PORTAL RESMI – Trend Kopi Kalcer dan Gen Z, Kenapa Tren Ngopi di Coffee Shop Belum Akan Redup?

Kopi Kalcer dan Gen Z, Kenapa Tren Ngopi di Coffee Shop Belum Akan Redup?

Fenomena kopi kalcer masih menjadi bagian dari gaya hidup Gen Z di Indonesia. Aktivitas ngopi kini bukan sekadar menikmati minuman. Coffee shop juga menjadi ruang untuk bekerja, bersosialisasi, dan mengekspresikan diri. Media sosial ikut membuat kebiasaan tersebut semakin mudah menyebar.

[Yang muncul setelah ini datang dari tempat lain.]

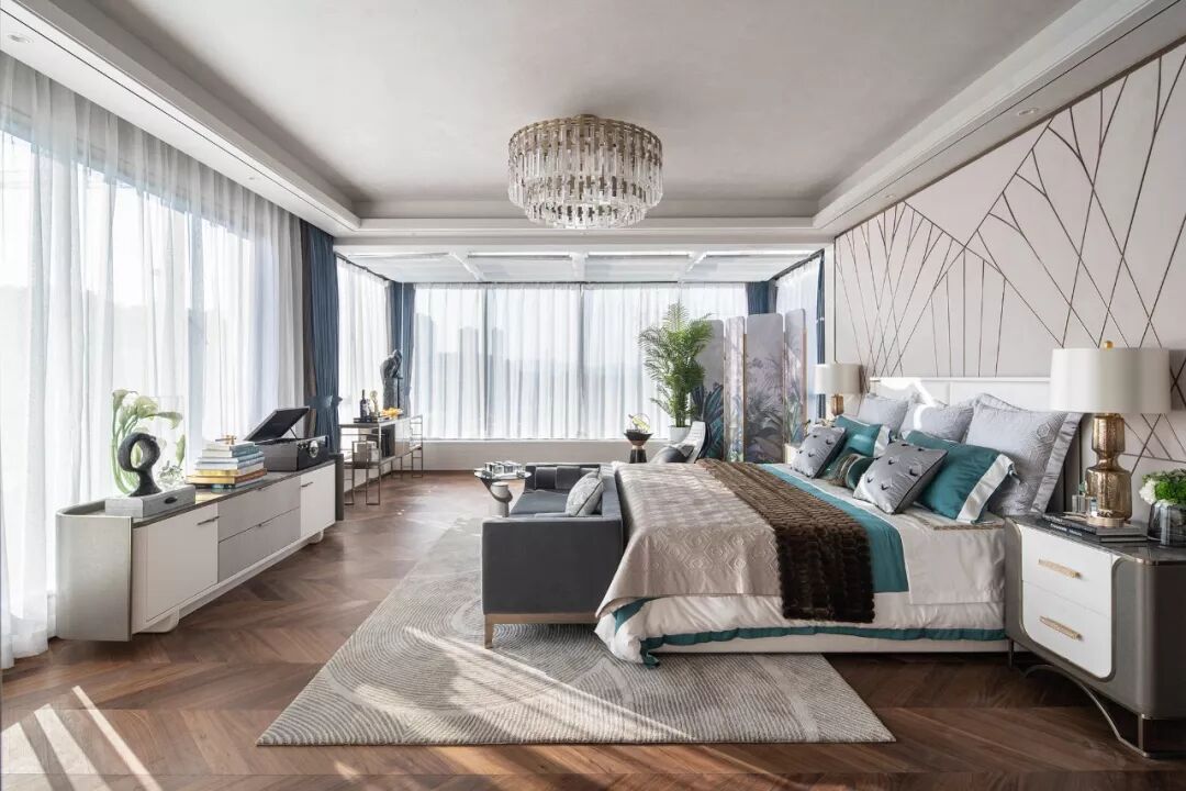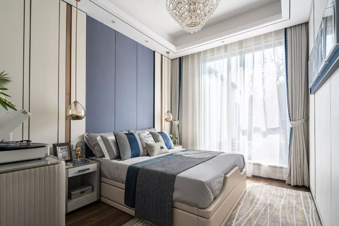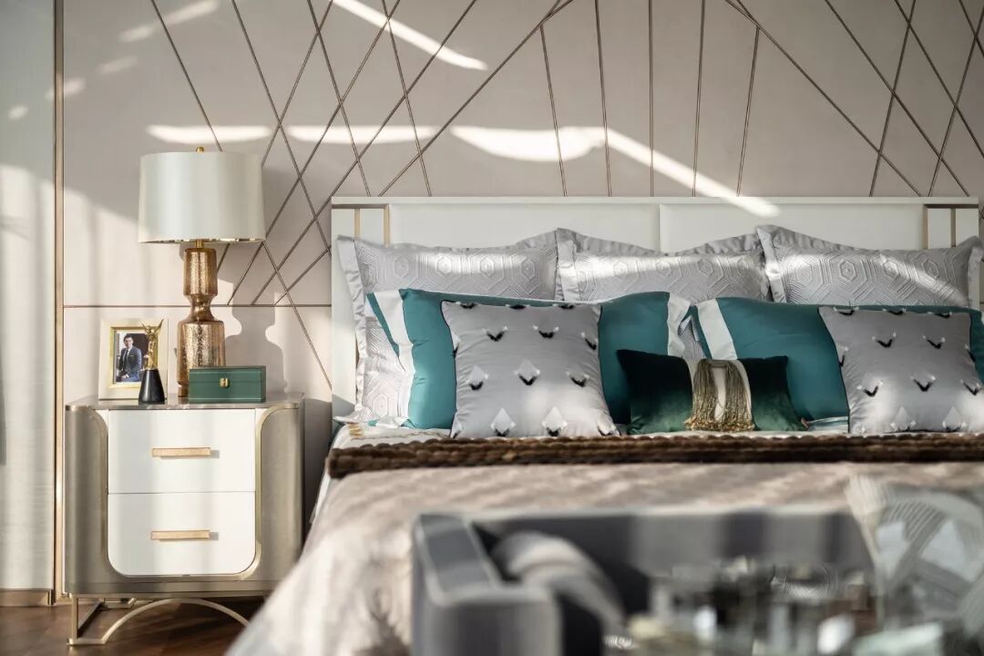 主卧空间色调清中有雅,白灰色与孔雀蓝、典雅棕之间的浓淡搭配相宜。现代设计的简约格调流淌于空间各处,打造静谧、舒适、轻奢、高雅的空间状态,彰显居者的精尚品位。

Istilah kalcer berasal dari pelesetan kata “culture” atau budaya. Istilah tersebut populer di kalangan Gen Z untuk menggambarkan gaya hidup tertentu. Anak kalcer kerap dikaitkan dengan fashion, musik, tempat nongkrong, dan kebiasaan digital. Coffee shop menjadi salah satu ruang yang paling lekat dengan fenomena tersebut.

Bagi banyak anak muda, coffee shop menawarkan lebih dari sekadar tempat membeli kopi. Mereka dapat mengerjakan tugas, bekerja menggunakan laptop, membaca, atau bertemu teman. Pilihan tempat juga sering dipengaruhi suasana, desain, fasilitas, dan pengalaman yang ditawarkan. Karena itu, kopi menjadi bagian dari aktivitas sosial yang lebih luas.

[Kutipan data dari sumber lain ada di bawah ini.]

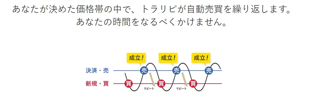 しかし、リピート型自動売買の「トラリピ」なら自分で取引をする必要がないため、時間的にも精神的にも余裕が生まれます。日中は忙しいというサラリーマンの方でも利用しやすい仕組みとなっていますので、ぜひ一度試してみてください。
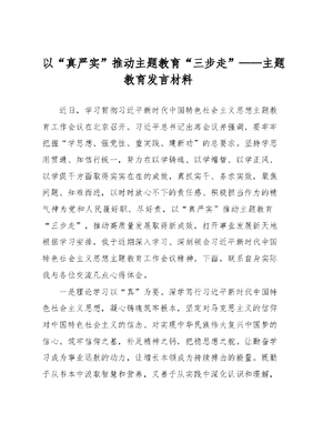 以“真严实”推动主题教育“三步走”——主题教育发言材料.doc
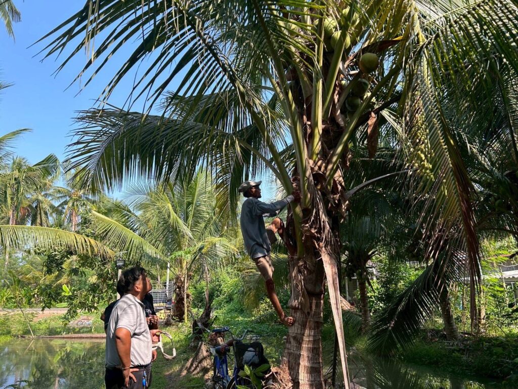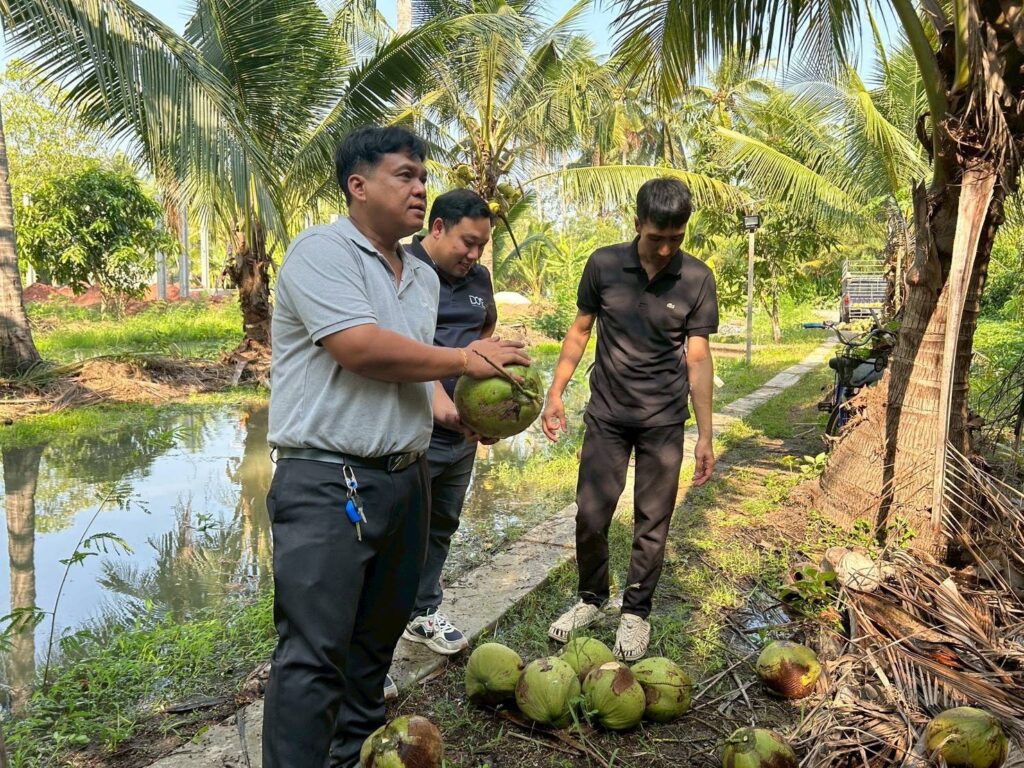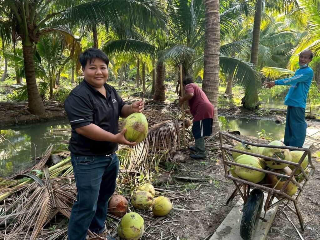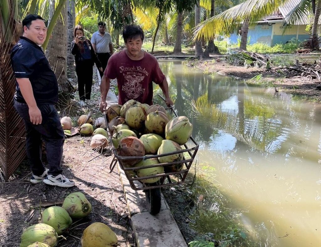 นางสุชาสินี ดิษฐสมบูรณ์ เกษตรอำเภอเมืองสมุทรสงคราม มอบหมายให้เจ้าหน้าที่เกษตรอำเภอเมืองสมุทรสงคราม ลงพื้นที่ติดตามสถานการณ์ผลผลิตมะพร้าวผล ทั้งนี้ได้แลกเปลี่ยนเรียนรู้วิธีการเก็บมะพร้าวผลด้วยการใช้ปลอก และสอบถามราคาจากพ่อค้าที่มารับซื้อผลผลิต ซึ่งราคาหน้าสวน ราคาผลละ 5 บาท พร้อมทั้งสอบถามปัญหาและอุปสรรคของสถานการณ์มะพร้าวผล และสอบถามปัญหาเรื่องโรคและศัตรูพืช พร้อมทั้งให้คำแนะนำในการดูแลป้องกันกำจัดศัตรูพืชมะพร้าว เพื่อลดการระบาดของโรคและศัตรูพืชในช่วงฤดูร้อน ณ แปลงมะพร้าวของนายมาโนช ศรีรุ้ง เกษตรกรหมู่ที่ 5 ตำบลคลองเขิน อำเภอเมืองสมุทรสงคราม จังหวัดสมุทรสงคราม
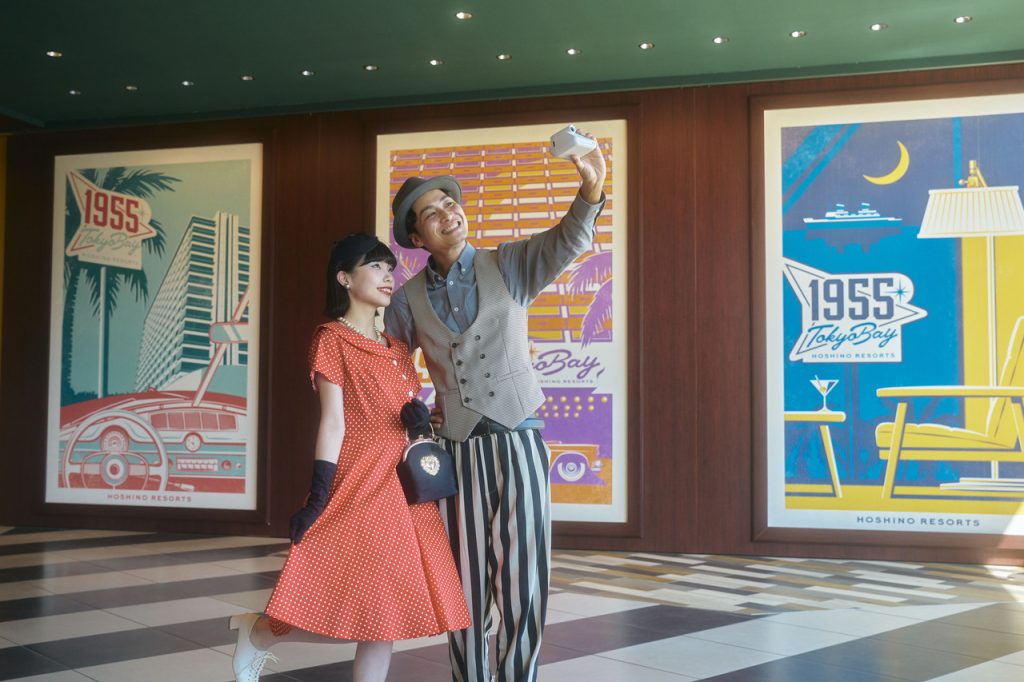 衣装を身にまとったら、出発前や帰ってきた後に館内のフォトスポットでも写真撮影を楽しむのがおすすめです。1955 東京ベイの館内は、1955年頃のアメリカの世界観がモチーフ。ルームキーと同じデザインのアートウォールの前や、パブリックスペースの「2nd Room」など、衣装に合わせて様々な場所で撮影を楽しめます。期間中は「2nd Room」が秋の収穫祭会場に大変身!仮装をしたままアメリカのハロウィーンの夜も満喫できます。
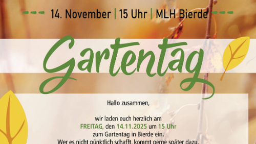 wir laden euch herzlich am FREITAG, den 14.11.2025 um 15 Uhr zum Gartentag in Bierde ein.
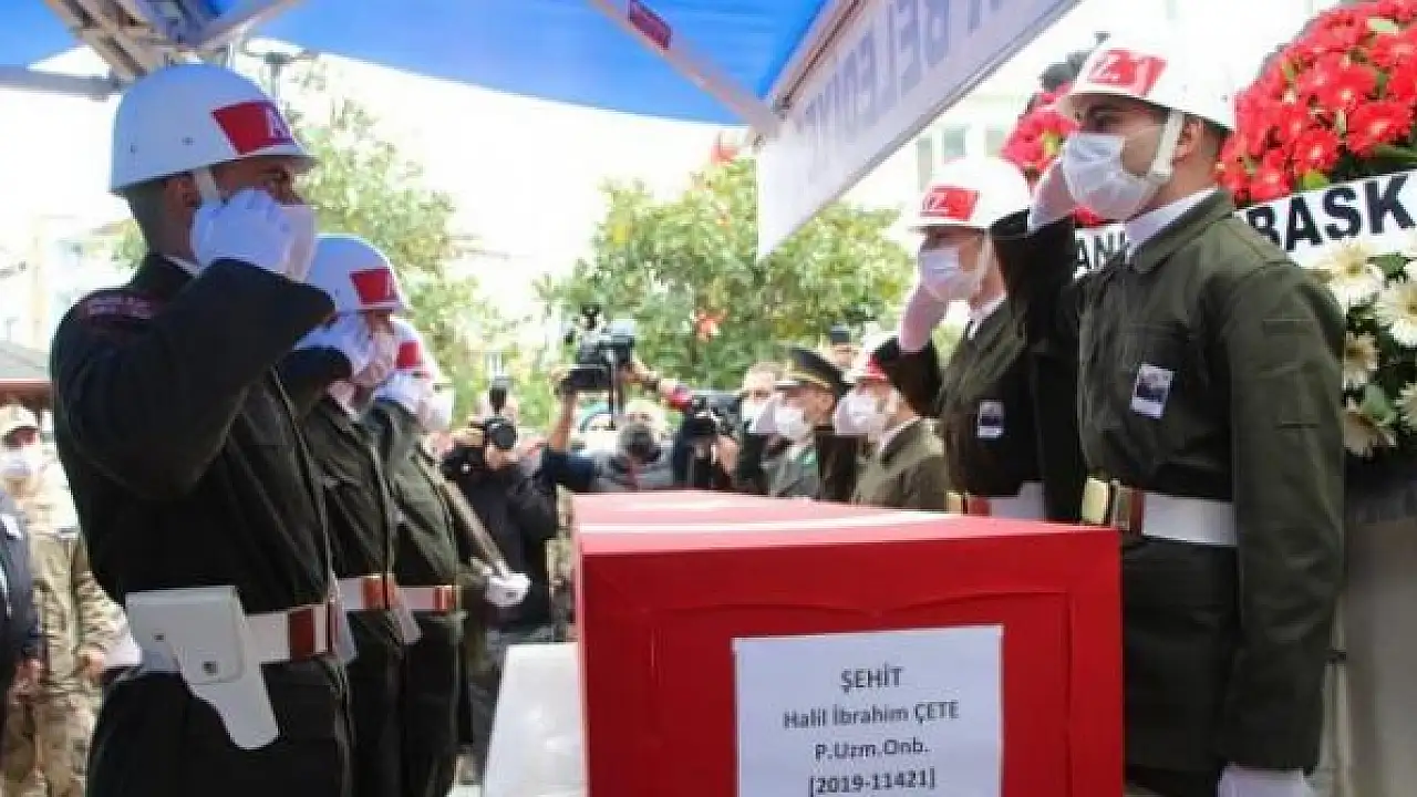 Pençe Yıldırım Harekatı bölgesinde şehit olan Piyade Uzman Çavuş Halil İbrahim Çete'nin cenazesi, memleketi Hatay'da toprağa verildi.

Media sosial kemudian memperkuat siklus tersebut melalui konten nongkrong dan rekomendasi tempat. Foto minuman, interior kafe, hingga aktivitas bekerja menjadi materi yang mudah dibagikan. Tren juga dapat berpindah cepat ketika sebuah tempat dianggap menarik oleh pengguna media sosial. Kondisi tersebut membuat budaya ngopi terus menemukan bentuk baru.

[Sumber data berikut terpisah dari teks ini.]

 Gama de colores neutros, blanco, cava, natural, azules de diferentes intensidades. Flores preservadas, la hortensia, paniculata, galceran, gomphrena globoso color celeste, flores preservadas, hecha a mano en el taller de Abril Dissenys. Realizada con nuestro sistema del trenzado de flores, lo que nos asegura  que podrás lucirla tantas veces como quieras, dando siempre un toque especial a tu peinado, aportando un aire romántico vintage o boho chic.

Selama Gen Z masih aktif menggunakan media sosial, fenomena kopi kalcer kemungkinan tetap berkembang. Bentuknya mungkin berubah mengikuti selera, teknologi, dan budaya yang sedang populer. Namun, kebutuhan terhadap ruang sosial dan tempat berekspresi membuat budaya ngopi tetap memiliki peluang bertahan. Kopi akhirnya bukan hanya soal rasa, tetapi juga pengalaman dan identitas.